* _Prompt_
After finding the line with "(二)申報(bào)材料應(yīng)明" in the entries below, retype exactly each line from there through the line with "Handcrafted by the", including that final line.

* _Provided information_

----------------------------------------

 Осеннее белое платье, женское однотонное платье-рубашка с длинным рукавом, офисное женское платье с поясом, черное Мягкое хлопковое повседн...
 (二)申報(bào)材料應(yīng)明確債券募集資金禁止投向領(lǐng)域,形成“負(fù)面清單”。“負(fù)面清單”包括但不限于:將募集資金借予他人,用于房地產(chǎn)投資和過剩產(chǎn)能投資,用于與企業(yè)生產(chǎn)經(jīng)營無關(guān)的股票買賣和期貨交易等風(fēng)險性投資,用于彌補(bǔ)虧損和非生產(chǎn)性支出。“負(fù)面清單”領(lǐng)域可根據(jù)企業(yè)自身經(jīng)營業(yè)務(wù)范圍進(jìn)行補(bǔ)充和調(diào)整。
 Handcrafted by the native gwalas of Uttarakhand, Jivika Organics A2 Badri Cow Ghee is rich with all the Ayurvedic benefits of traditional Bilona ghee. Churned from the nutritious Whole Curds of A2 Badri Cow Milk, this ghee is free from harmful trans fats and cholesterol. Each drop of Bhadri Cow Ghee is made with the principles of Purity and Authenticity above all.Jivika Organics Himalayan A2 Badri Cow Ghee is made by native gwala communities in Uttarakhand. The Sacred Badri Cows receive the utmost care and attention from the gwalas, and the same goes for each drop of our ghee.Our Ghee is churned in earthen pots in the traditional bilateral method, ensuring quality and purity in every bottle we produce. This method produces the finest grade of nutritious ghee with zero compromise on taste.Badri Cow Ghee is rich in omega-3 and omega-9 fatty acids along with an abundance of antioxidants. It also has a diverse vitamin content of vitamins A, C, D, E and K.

----------------------------------------

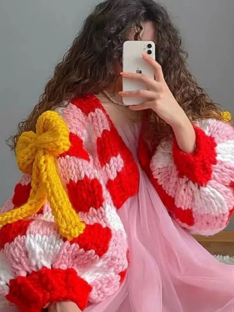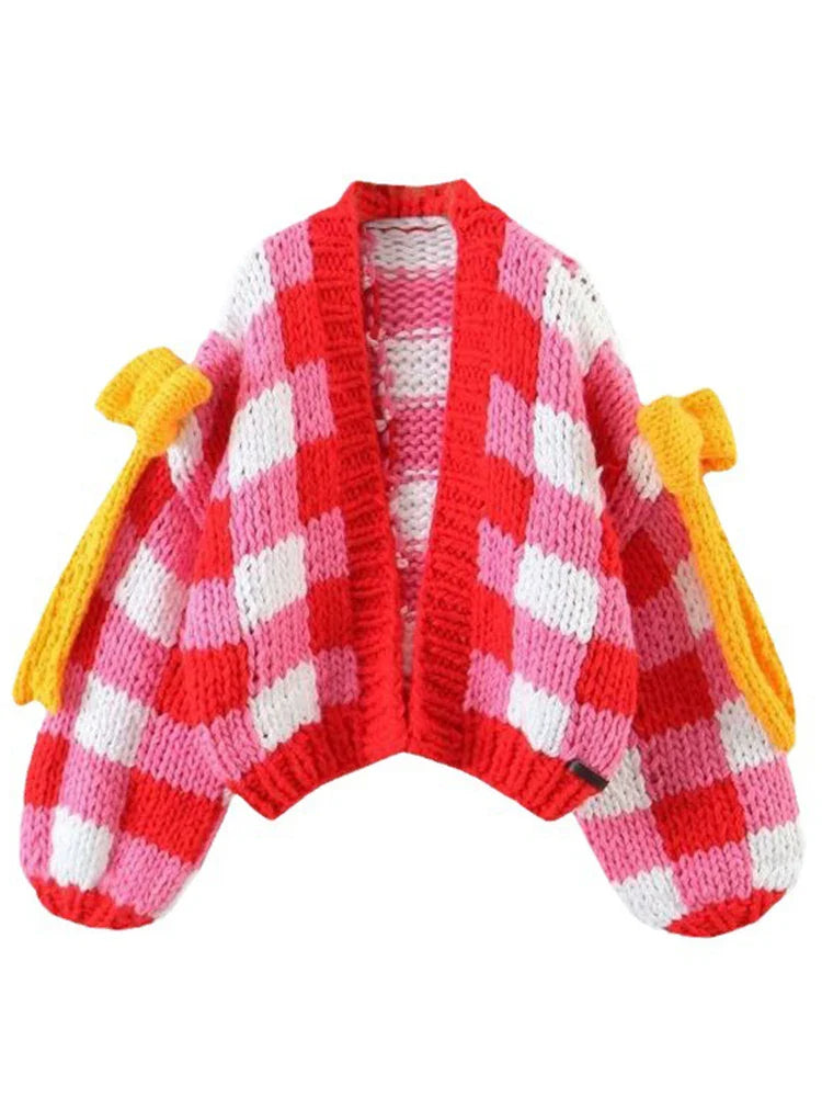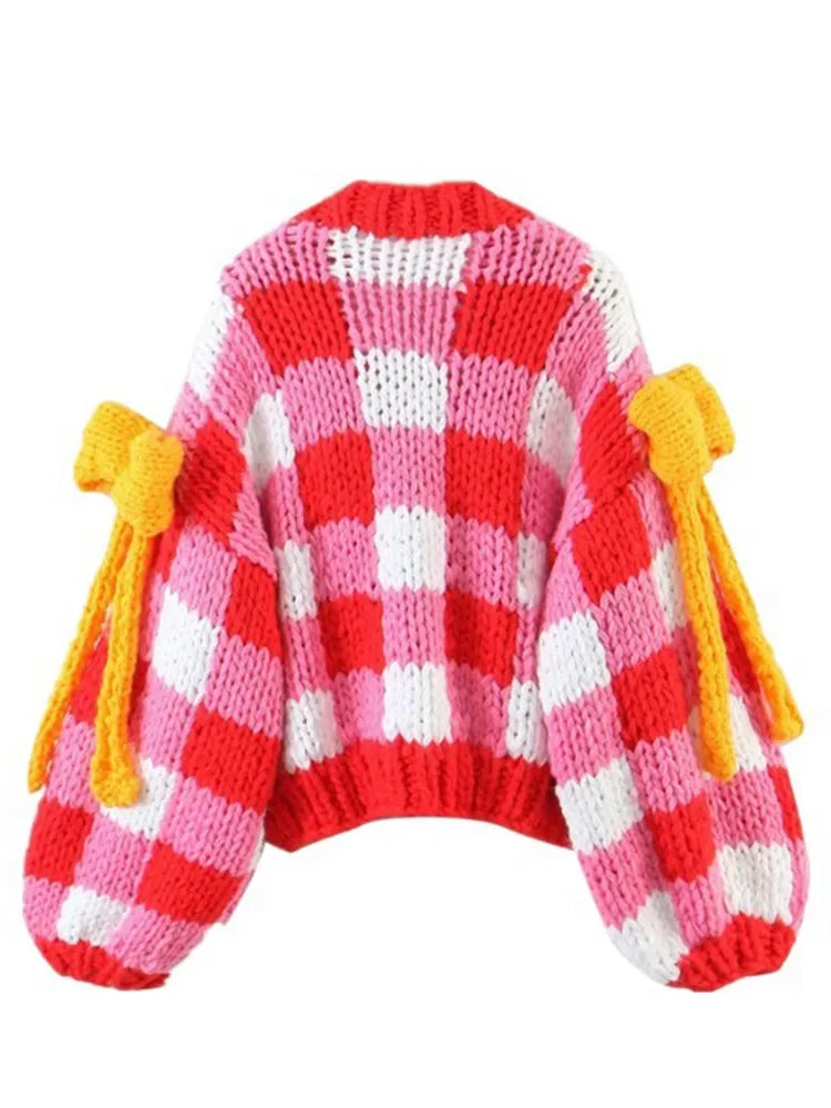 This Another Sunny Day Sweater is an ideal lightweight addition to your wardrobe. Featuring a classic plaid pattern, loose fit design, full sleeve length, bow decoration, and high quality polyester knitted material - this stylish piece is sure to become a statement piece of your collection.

----------------------------------------

* _Output for this exercise_
 (二)申報(bào)材料應(yīng)明確債券募集資金禁止投向領(lǐng)域,形成“負(fù)面清單”。“負(fù)面清單”包括但不限于:將募集資金借予他人,用于房地產(chǎn)投資和過剩產(chǎn)能投資,用于與企業(yè)生產(chǎn)經(jīng)營無關(guān)的股票買賣和期貨交易等風(fēng)險性投資,用于彌補(bǔ)虧損和非生產(chǎn)性支出。“負(fù)面清單”領(lǐng)域可根據(jù)企業(yè)自身經(jīng)營業(yè)務(wù)范圍進(jìn)行補(bǔ)充和調(diào)整。
 Handcrafted by the native gwalas of Uttarakhand, Jivika Organics A2 Badri Cow Ghee is rich with all the Ayurvedic benefits of traditional Bilona ghee. Churned from the nutritious Whole Curds of A2 Badri Cow Milk, this ghee is free from harmful trans fats and cholesterol. Each drop of Bhadri Cow Ghee is made with the principles of Purity and Authenticity above all.Jivika Organics Himalayan A2 Badri Cow Ghee is made by native gwala communities in Uttarakhand. The Sacred Badri Cows receive the utmost care and attention from the gwalas, and the same goes for each drop of our ghee.Our Ghee is churned in earthen pots in the traditional bilateral method, ensuring quality and purity in every bottle we produce. This method produces the finest grade of nutritious ghee with zero compromise on taste.Badri Cow Ghee is rich in omega-3 and omega-9 fatty acids along with an abundance of antioxidants. It also has a diverse vitamin content of vitamins A, C, D, E and K.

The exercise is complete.